Why A Business Would Have a Buy Sell Agreement
A buy-sell agreement can exist for any type of business: partnership, proprietorship, or corporation. Many people may think they can operate the business without a hitch, but you never know what could go wrong.
For example, what if your business partner divorces his spouse and the ex-spouse now claims to have financial stake in the company? The buy-sell agreement would spell out what happens in this situation. What if a partner decided they no longer wanted to be in business, but would sell their interest to a friend that none of the other partners has met? A buy-sell agreement would determine whether this can be done and explain the process for doing it. Buy-sell agreements can also prevent the bankruptcy court from liquidating the business if one of the owners files personal bankruptcy.
How to Valuate the Company
Before the two owners can come up with a price for buying/selling the departing owner’s business interest, the company needs to be appraised by a financial professional.

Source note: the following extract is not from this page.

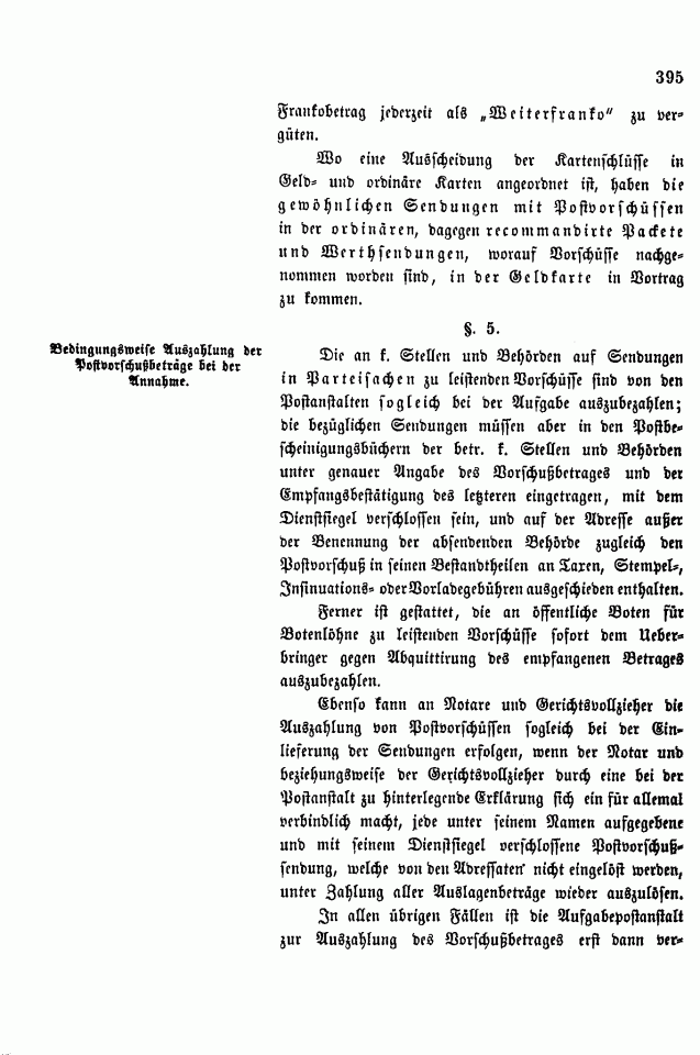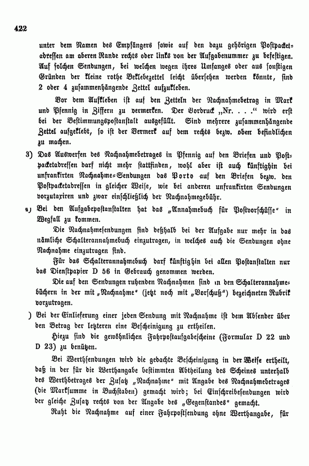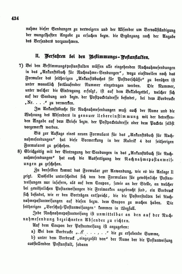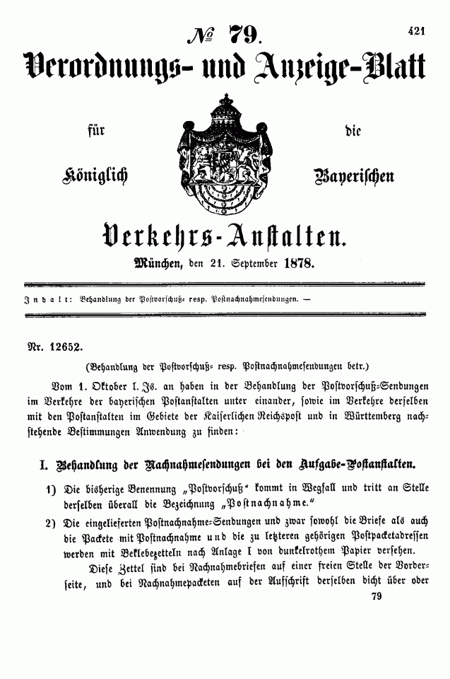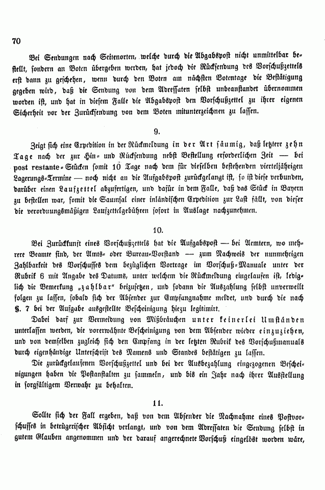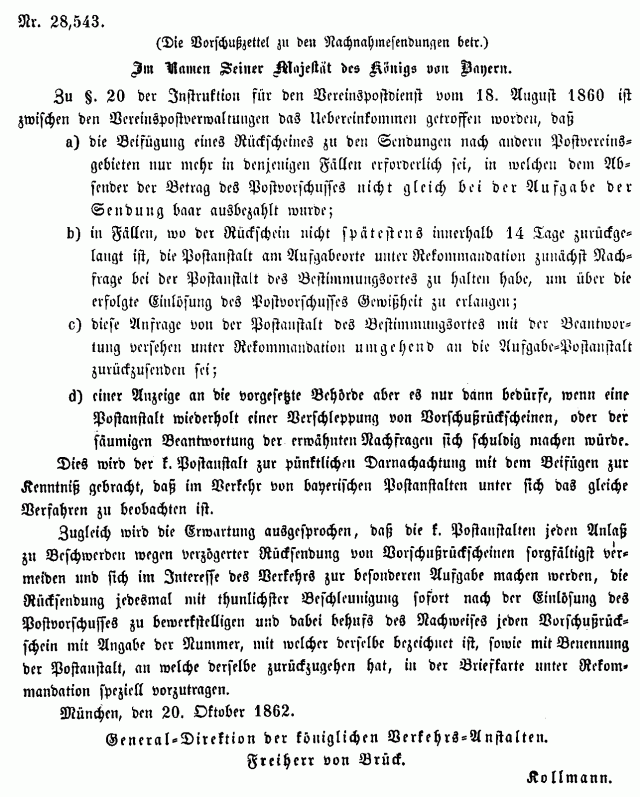 Postverordnungen - Vorschuss und Nachnahme
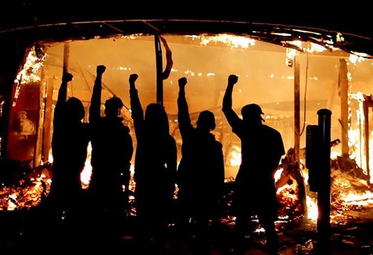 El cordón de seguridad alrededor de la estación de policía fue finalmente superado por los manifestantes, que le prendieron fuego al igual que a otros dos edificios cercanos, cuando los agentes se retiraron.

That person would look at the business financials and decide how much the company is worth. Then, that number would be used to come up with a buy/sell price.
Because there can be some disparity in company’s valuation when it’s time for an owner to sell his interest, the buy sell agreement should have some type of arrangement for valuating the company when the time comes. Otherwise, the co-owners could use different financial professionals who come up with different valuations. The result is a disagreement on how much the remaining co-owner should pay for the departing owner’s interest. Agreeing to a valuation method beforehand reduces the risk of problems later on.
Various Terms of the Agreement
The buy-sell agreement could also set a fixed purchase price or a formula for determining price for a buyout. The agreement might state different buyout prices or formulas for different triggering events.
The buy-sell agreement should include details about how the buy-out payment should be structured. It can specify that the departing owner’s interest be purchased either by the remaining owner(s) or by the business itself. It might be unreasonable to expect the remaining owner to pay 100% of the buy out price all at one time. Instead, the agreement might call for a lump sum payment followed by periodic payments for a certain period of time.
Buy sell agreements might require business owners to have life and disability insurance coverage with the business named as the beneficiary. The benefit amount on the insurance would be a specific amount that’s agreed upon in the buy sell agreement. While life insurance proceeds are typically exempt from income taxation, depending on the type of business, life insurance proceeds could make the business subject to additional tax.
A business or tax attorney can help you prepare a buy-sell agreement. While it’s best to have the agreement in place before the business starts, it’s never too late to put one in place. It can keep you from having to go to court to resolve disputes and, more importantly, can keep your business in tact if something happens to one of the business owners or one owner decides to leave the business.